La Ruhr est une région industrielle allemande, dans laquelle coulent deux rivières affluentes du Rhin en rive droite, la Ruhr est en amont et est relativement propre, l’Emscher est un peu plus en aval et est utilisée comme exutoire par de nombreuses industries, notamment minières. « En 1904, après vingt années d’âpres discussions et de négociations avortées, les industriels et les maires des villes du bassin de l’Emscher se mirent d’accord pour constituer la première Genossenschaft : un syndicat coopératif réunissant tous les riverains, aucun ne pouvant ultérieurement se soustraire à sa contribution, assuma dorénavant la maîtrise d’ouvrage des travaux de remise en état de la rivière, transformée en cloaque par l’affaissement des sols et par l’urbanisation, subséquents à l’exploitation minière. La coopération permit d’en faire un égout à ciel ouvert efficace, aboutissant à une seule station d’épuration à son confluent avec le Rhin. L’exemple fut suivi peu après par les industries et les villes situées dans le bassin de la rivière Ruhr, qui créèrent deux associations similaires, l’une pour lutter contre la pollution (Ruhrverband), et l’autre pour stocker de l’eau propre en amont (Ruhrtalsperrenverein). Cette rivière fut spécialisée pour les usages nobles, alors qu’une troisième association fit de la Lippe la source privilégiée d’eau industrielle et agricole » (Barraqué 1995).

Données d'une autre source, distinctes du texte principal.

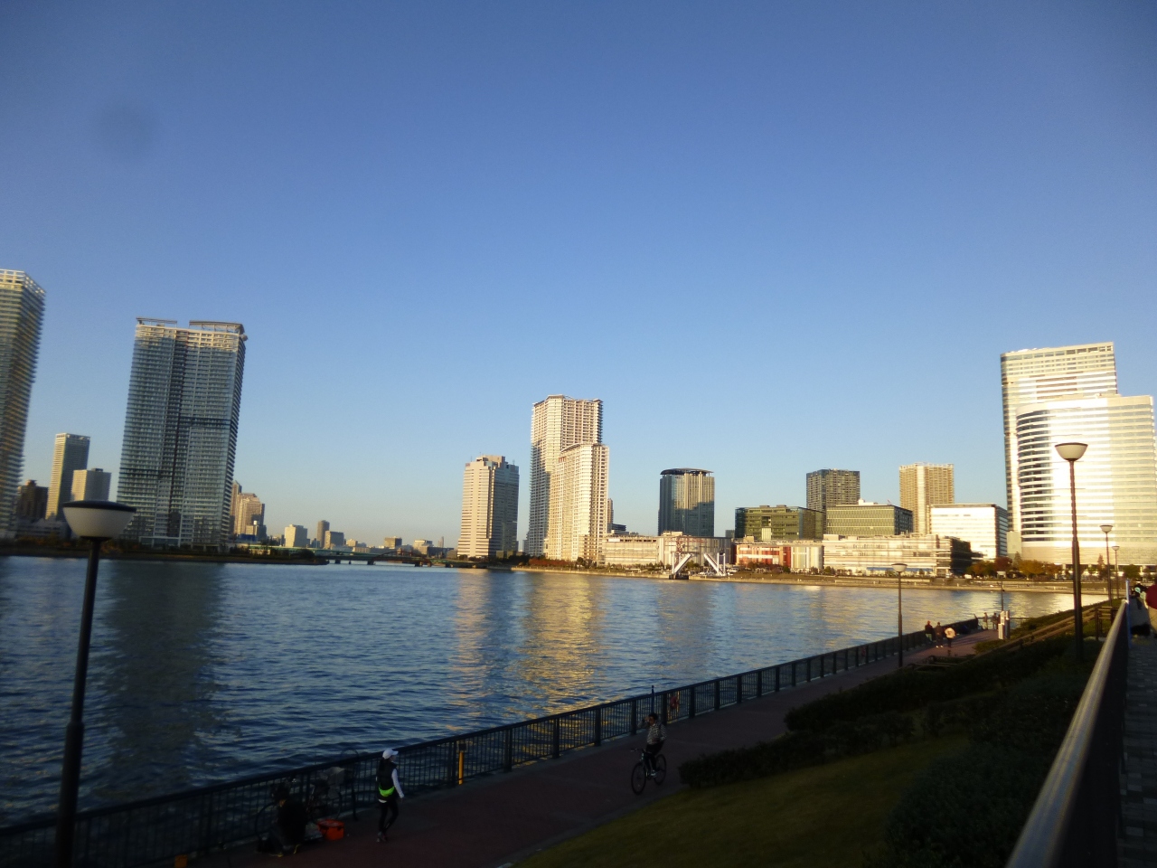 豊洲エリアの再開発の伴い造られた公園で、水辺に沿って細長い形をしており、晴海や豊洲の光景を一望できます。正面に見える晴海大橋の姿はダイナミックで、更にその向こうにはレインボーブリッジの姿も見えます。晴れた日の夕景や、夜景の鑑賞もおすすめです。

Pour résumer les caractéristiques de ce modèle, on peut relever trois points. (1) La transformation de la rivière en égout rend l’association responsable de tous les rejets des différents membres, l’interlocuteur unique vis-à-vis de la police de l’eau du Land au point de rejet commun dans le Rhin. Elle peut donc renégocier en son sein les autorisations de rejets individuelles pour tenir compte des effets amont-aval et du calendrier des projets qu’elle finance. (2) L’association dispose de moyens financiers autonomes. Les membres fixent les règles de participation financière et politique. (3) Une fois constituée, l’association s’impose à tous les membres et aucun ne peut s’en retirer.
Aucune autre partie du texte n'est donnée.